Landlord – interest relief restriction: deduction v tax reduction

27-Jul-2016

In his July 2015 Budget, the Chancellor dealt a blow to landlords with his announcement that from April 2017 relief for finance costs would be progressively restricted. In giving effect to the restriction, landlords would move from the current position where they are able to deduct finance costs, such as mortgage interest, in full when computing their rental profits, to one where relief is given as a basic rate tax reduction.

Phased in

The switch from deduction to interest rate reduction is to be phased in over four years, with a gradual shift away from deducting property finance costs from property income.

Tax year % finance cost relievable by deduction % finance costs given as basic rate tax reduction

2017/18 75% 25%

2018/19 50% 50%

2019/20 25% 75%

2020/21 onwards 0% 100%

Deduction v basic rate tax reduction

Where relief is given by deduction, the landlord obtains tax relief at his marginal rate of tax. The property finance costs are deducted in arriving at the taxable profit and that profit is taxed at the landlord’s marginal rate of tax.

By contrast, where relief is given as a tax reduction, the rental profit is first calculated without taking account of the finance costs relieved by tax deduction and the tax is worked out on those profits. Effect is given to the basic rate tax reduction by deducting an amount equal to the finance costs x the basic rate of tax from the tax figure initially computed on the profits.

Example

Ian is a landlord.

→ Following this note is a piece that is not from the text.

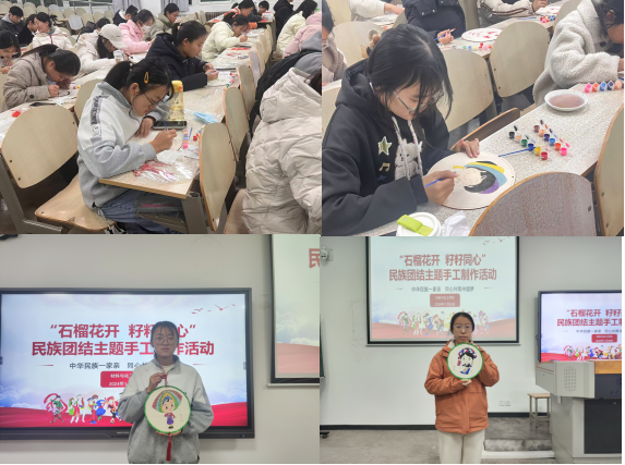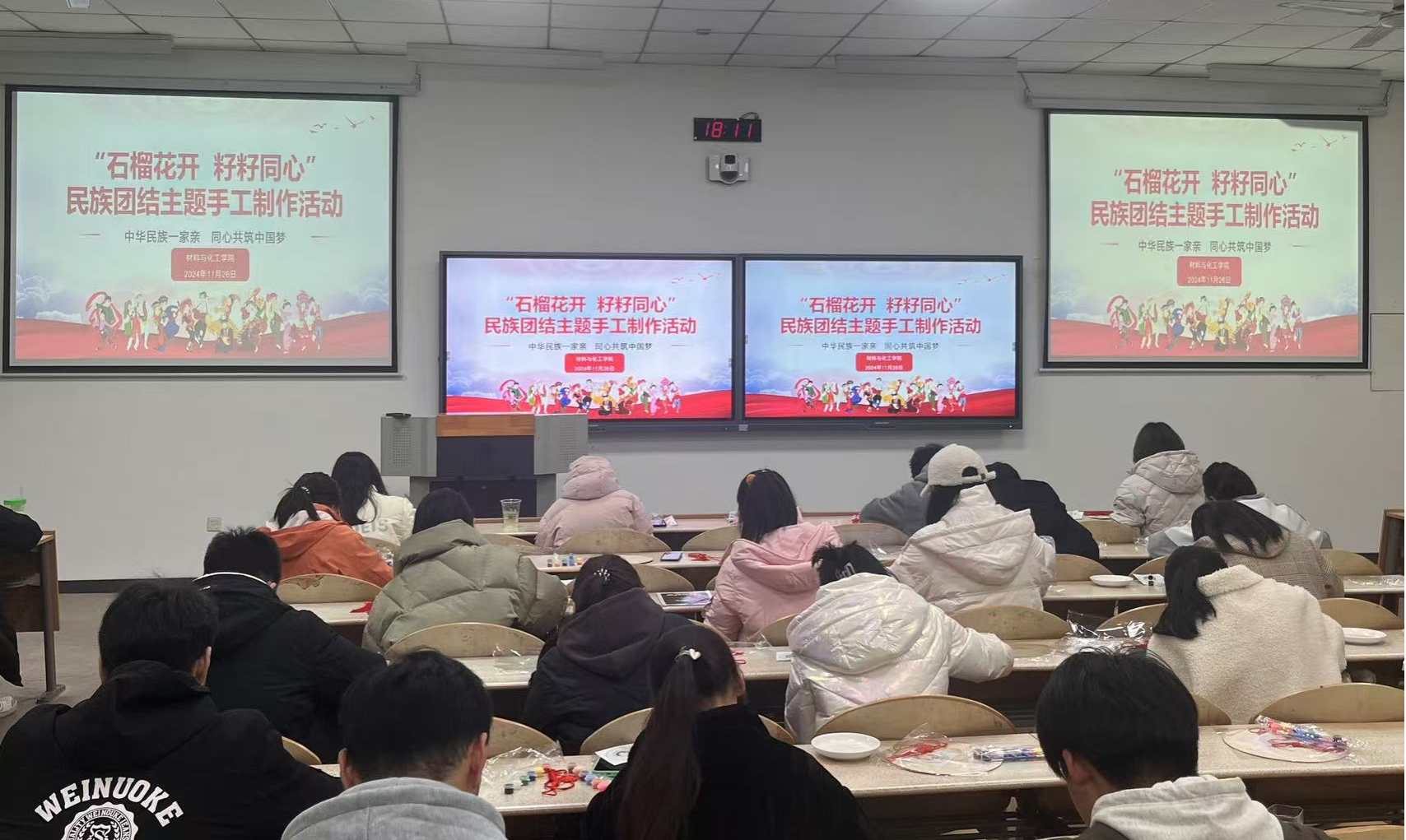 于2024年11月26日于教1-201教室举办了“石榴花开 籽籽同心”民族团结主题手工制作活动。此次活动吸引了学院各民族学生的广泛参与。

In each year from 2016/17 to 2020/21 inclusive, he has property income of £30,000. He pays mortgage interest costs of £6000 and incurs other expenses of £2000. He also has a salary of £60,000 and pays tax on his property income at the higher rate of 40%.

His tax position for each of the years is as follows:

2016/17 2017/18 2018/19 2019/20 2020/21

£ £ £ £ £

Property income 30,000 30,000 30,000 30,000 30,000

Expenses (2000) (2000) (2000) (2000) (2000)

Deductible finance costs (6000) (4,500) (3,000) (1,500) nil

Taxable profit 22,000 23,500 25,000 26,500 28,000

Tax on profit (@40%) 8,800 9,400 10,000 10,600 11,200

Tax reduction @ 20% 0 (300) (600) (900) (1200)

Total tax 8,800 9,100 9,400 9,700 10,000

Summary

2016/17 2017/18 2018/19 2019/20 2020/21

£ £ £ £ £

Property income 30,000 30,000 30,000 30,000 30,000

Expenses (2000) (2000) (2000) (2000) (2000)

Finance costs (6000) (6000) (6,000) (6,000) (6,000)

Tax (8,800) (9,100) (9,400) (9,700) (10,000)

Profit retained 13,200 12,900 12,600 12,300 12,000

As a result of the shift from relief by deduction for 100% of property finance costs to relief by basic rate reduction for 100% of finance costs, Ian’s retained profit is reduced by £1,200.

Sting in the tail

Moving from deduction to tax reduction has hidden costs. The relief is given later in the calculation, which has the effect of increasing the taxpayer’s taxable income. This may move him into a higher tax bracket or trigger the high income child benefit charge or the abatement of the personal allowance.